Taiwan – export leads deteriorate
October's export orders continued to creep up, but nothing more than that, and the DI has turned down, warning of downside risk from here. Admittedly, export orders have been tending to lag actual exports, but with the PMI weakening too, we've probably seen the best of the export cycle.
Taiwan – reorientation to US
Today's October FDI data once again illustrate the big reorientation of Taiwan's investment and trade flows away from China and towards the US. For FDI that's been encouraged by Biden subsidies, but Trump doesn't like those, nor the big trade surplus that Taiwan now runs with the US.
Korea – softer private sector employment
The headlines don't show much change in the labour market in October, with the unemployment rate still comfortably below 3%. But while employment overall was stable, that was because of government jobs. Employment in the private sector fell again and is now the lowest since July 2023.

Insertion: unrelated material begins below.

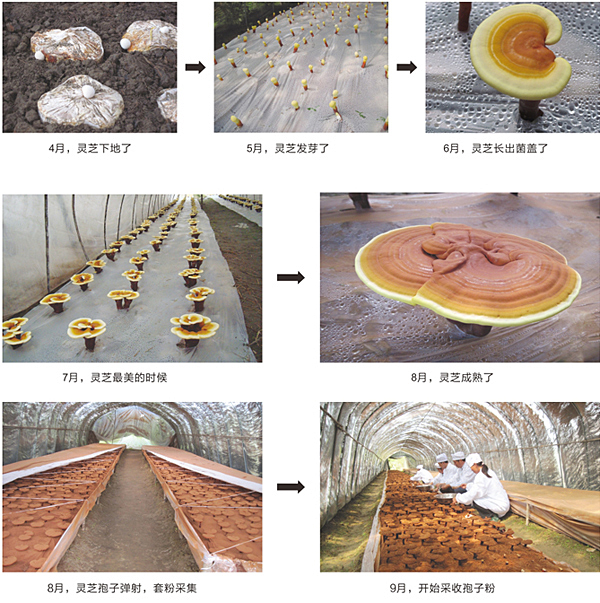 靈芝,譽為仙草,有其復雜的生長過程。從靈芝的選種,育種,培種,菌絲,菌棒下地及生長,成熟到彈粉,收集需一年時間,工序繁多。

Taiwan – pick-up in wage growth is holding
The post-2020 rise in wage growth is holding in manufacturing. In services, it is less obvious, but for the economy overall, the trend in wage growth is still comfortably above 2% YoY, whereas in the 15 years from 2003 it was closer to 1%. This rise, in turn, should raise the floor for inflation.
China – no change in monetary trends
Including CGBs, the credit impulse is weak, but not terrible, and there's been a tick-up in bank lending and mortgages since August. However, there's nothing to suggest any real momentum in the credit cycle. At the same time, the deflationary move into time deposits continues.

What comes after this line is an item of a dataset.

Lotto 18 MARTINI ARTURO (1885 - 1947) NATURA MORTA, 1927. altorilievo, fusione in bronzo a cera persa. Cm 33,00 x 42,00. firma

Korea – more signs of export weakness
Export growth in the first ten days of November fell to zero. And while the small number of days make this data set volatile, it comes after weakness in broader data for October, both full-month trade, and the PMI. The weakness in exports is a big deal for the BOK when domestic demand is also soft.

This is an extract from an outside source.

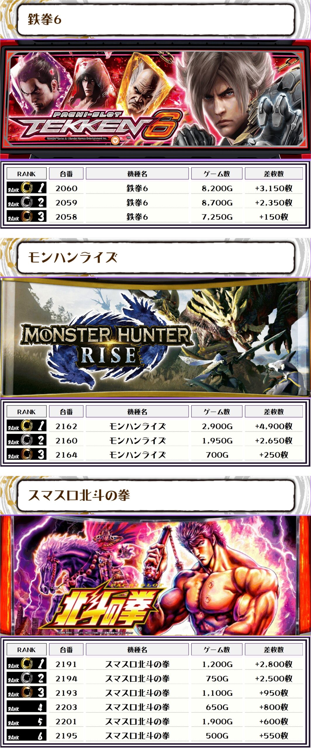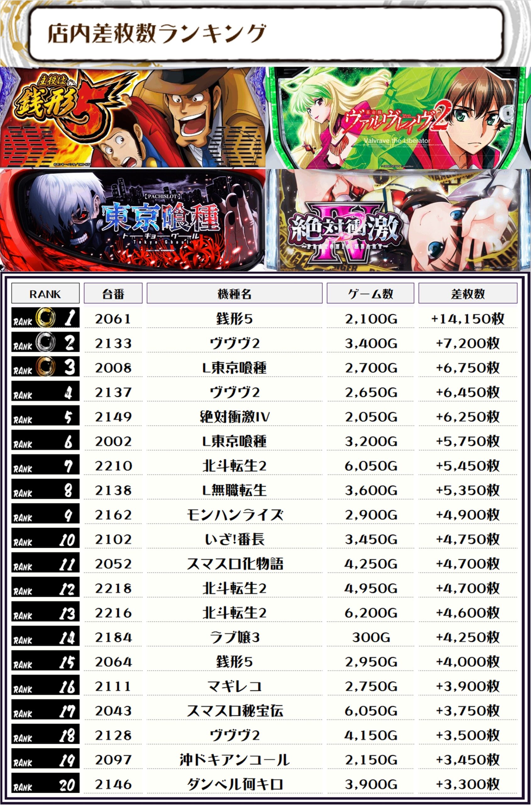 2位には【ヴヴヴ2・2133番台】の+7,200枚、3位には【L東京喰種・2008番台】の+6,750枚がランクインっ🏆

China – still in deflation
There might be some signs of better sentiment feeding into prices, but they aren't strong. Core sequential CPI inflation did get back to zero in October, but the 3mma remains negative. Despite the jump in PMI input prices last month, PPI also continues to fall.
Taiwan – services driving growth
I thought the drop in the mfg PMIs in October might have been noise. But the November data show it is more than that, remaining weak in both Taiwan and Korea. Korea's exports today fell too. That makes the domestic cycle more important, and in Taiwan, that looks more resilient than Korea.